Here’s what you’ll need to make Crock Pot Chicken Pot Pie:

  • 4 boneless, skinless chicken breasts (or thighs)
  • 1 cup frozen peas
  • 1 cup frozen carrots
  • 1 cup corn kernels (frozen or canned)
  • 1 medium onion, chopped
  • 2 cloves garlic, minced
  • 1 ½ cups chicken broth
  • 1 can (10.5 oz) cream of chicken soup
  • 1 cup heavy cream
  • 1 teaspoon dried thyme
  • 1 teaspoon dried parsley
  • Salt and pepper to taste
  • 1 can (16 oz) refrigerated biscuit dough (or 1 package crescent roll dough)
  • 2 tablespoons butter (for greasing)

Instructions

Prepare the Chicken and Vegetables:

  1. Place the Chicken in the Slow Cooker: Place the boneless, skinless chicken breasts or thighs into the bottom of the slow cooker.
  2. Add the Vegetables: Layer the frozen peas, carrots, and corn over the chicken.
  3. Add the Aromatics: Sprinkle the chopped onion and minced garlic over the vegetables.

Make the Filling:

  1. Combine the Liquids: In a medium bowl, whisk together the chicken broth, cream of chicken soup, heavy cream, thyme, parsley, salt, and pepper until well combined.
  2. Pour the Mixture over the Chicken and Vegetables: Pour the creamy mixture over the chicken and vegetables in the slow cooker, ensuring everything is evenly coated.

Cook the Pot Pie Filling:

  1. Cook on Low: Cover the slow cooker and cook on low for 6 hours or until the chicken is fully cooked and tender.
  2. Shred the Chicken: Once the chicken is done, remove it from the slow cooker and shred it using two forks.
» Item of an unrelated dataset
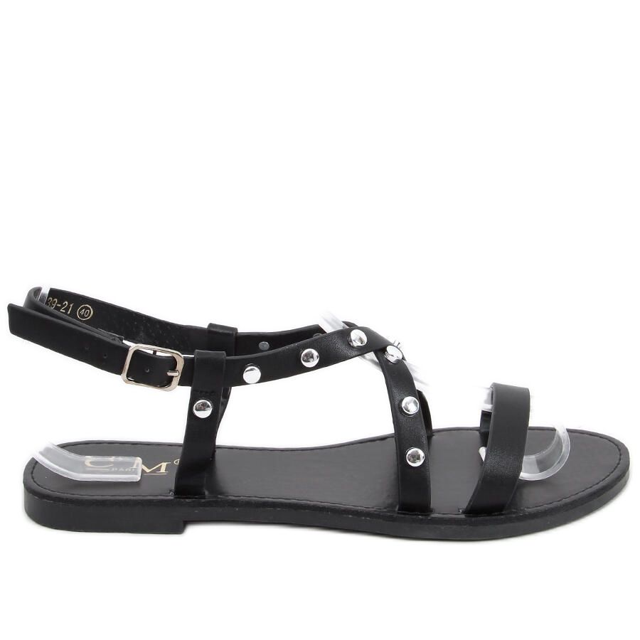 Fedezze fel a Badra Black női szandálok egyedi stílusát és kényelmét. Ezek az elegáns fekete szandálok lapos talppal tűnnek ki, így tökéletes választás a mindennapi viselethez. A pántokon és a talpon található ikonikus szegecseknek köszönhetően egyedi, rockos kiejtést kapsz, amely felpezsdíti bármilyen stílusodat.

Return the shredded chicken to the slow cooker and stir everything together.

Top with Biscuit Dough:

  1. Prepare the Biscuit Dough: Open the can of biscuit dough and separate the biscuits. You can either place them whole on top of the filling or cut them into smaller pieces for a more rustic topping.
  2. Place the Biscuits on Top: Arrange the biscuit dough over the chicken and vegetable mixture in an even layer.
  3. Cook with Biscuits: Cover and cook for an additional 30-45 minutes on high until the biscuit dough is golden brown and fully cooked.

Serve:

  1. Garnish and Serve: Once the biscuit topping is golden and cooked through, serve the chicken pot pie hot, garnished with additional herbs if desired.